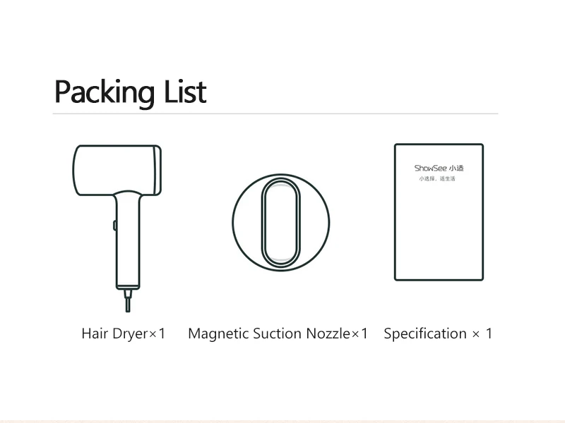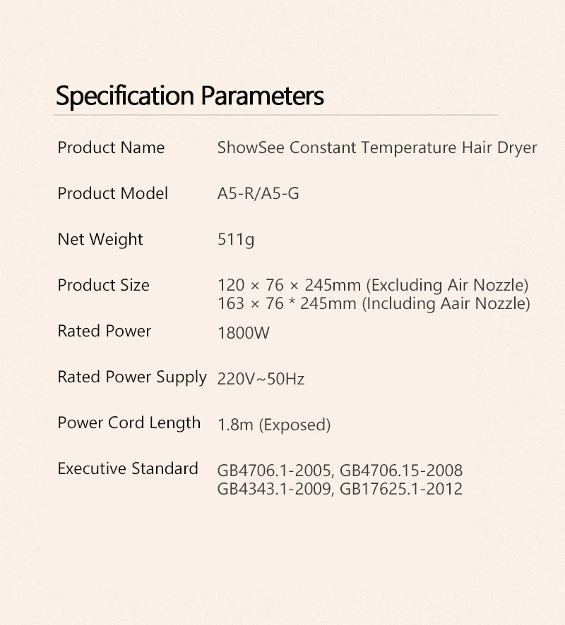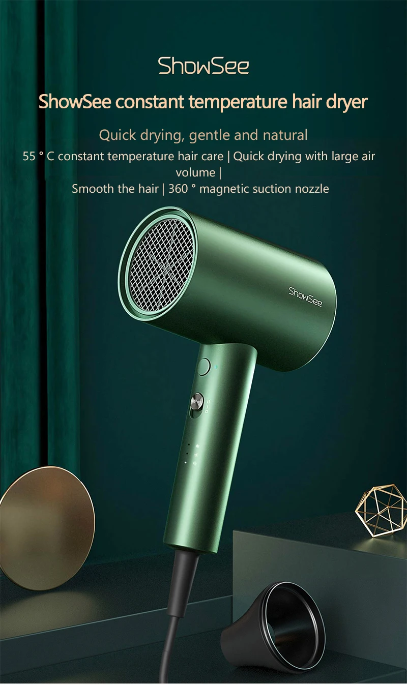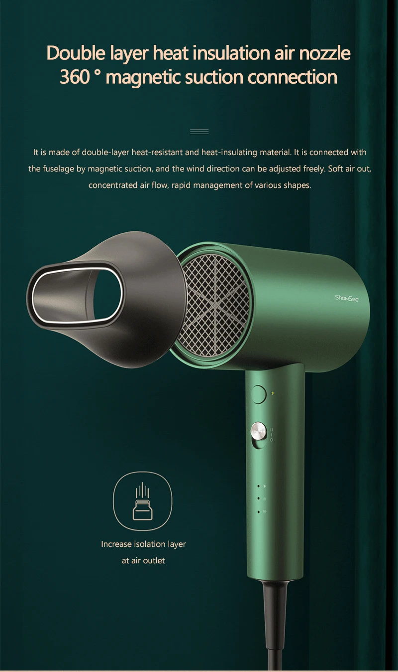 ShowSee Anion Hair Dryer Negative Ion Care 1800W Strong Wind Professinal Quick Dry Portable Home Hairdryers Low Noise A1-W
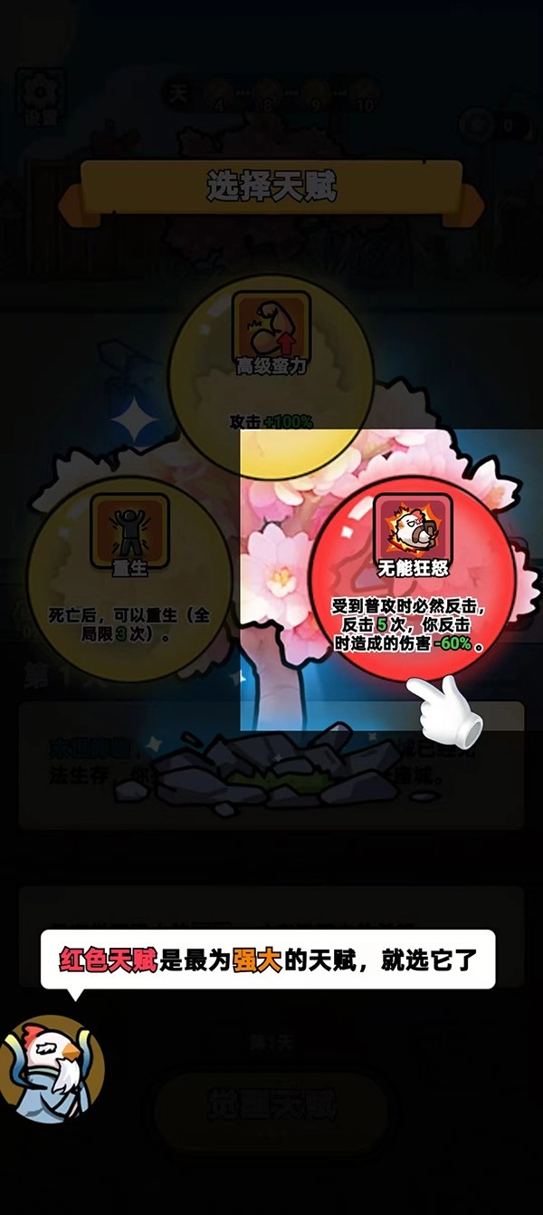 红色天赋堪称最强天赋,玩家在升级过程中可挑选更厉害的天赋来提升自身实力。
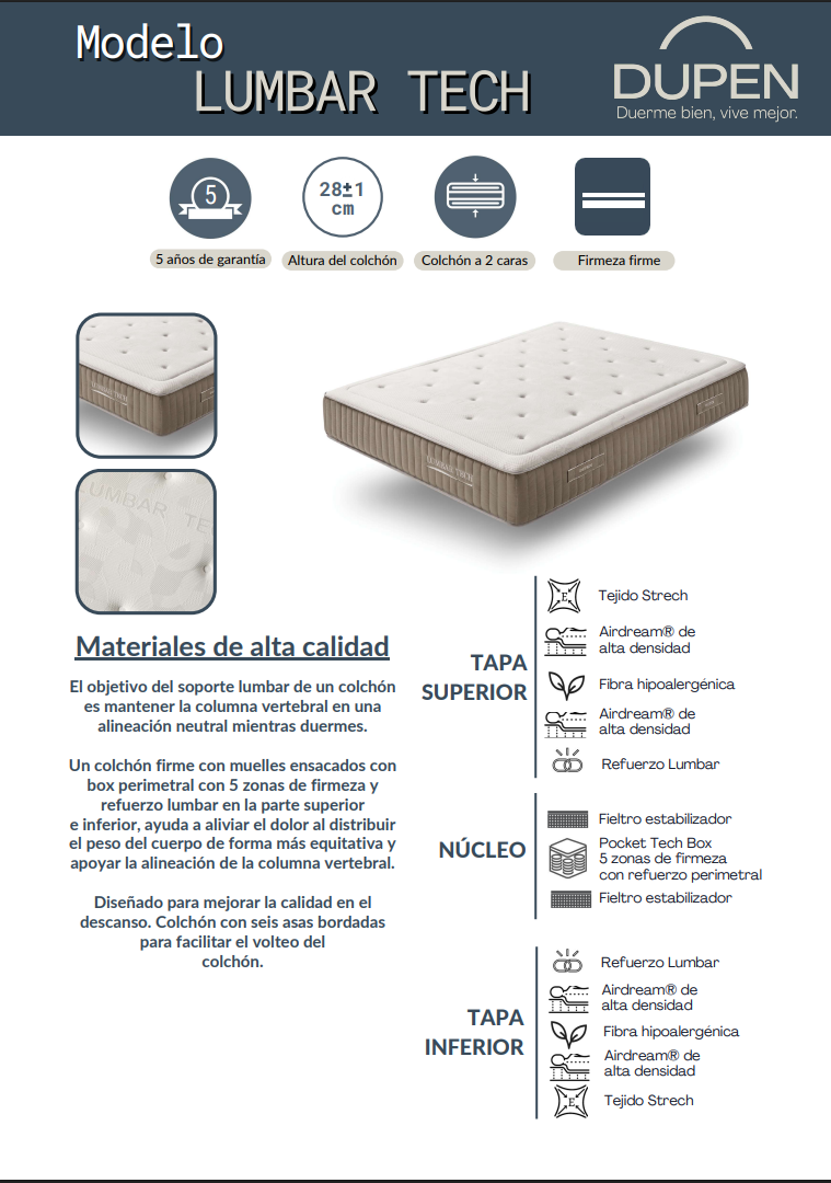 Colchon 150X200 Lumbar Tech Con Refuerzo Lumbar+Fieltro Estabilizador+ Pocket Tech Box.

============================================================

▶ _What to produce_:
Copy the listing exactly. Any image in it stays out of the copy.

▶ _Worked solution_:
 ShowSee Anion Hair Dryer Negative Ion Care 1800W Strong Wind Professinal Quick Dry Portable Home Hairdryers Low Noise A1-W
 红色天赋堪称最强天赋,玩家在升级过程中可挑选更厉害的天赋来提升自身实力。
 Colchon 150X200 Lumbar Tech Con Refuerzo Lumbar+Fieltro Estabilizador+ Pocket Tech Box.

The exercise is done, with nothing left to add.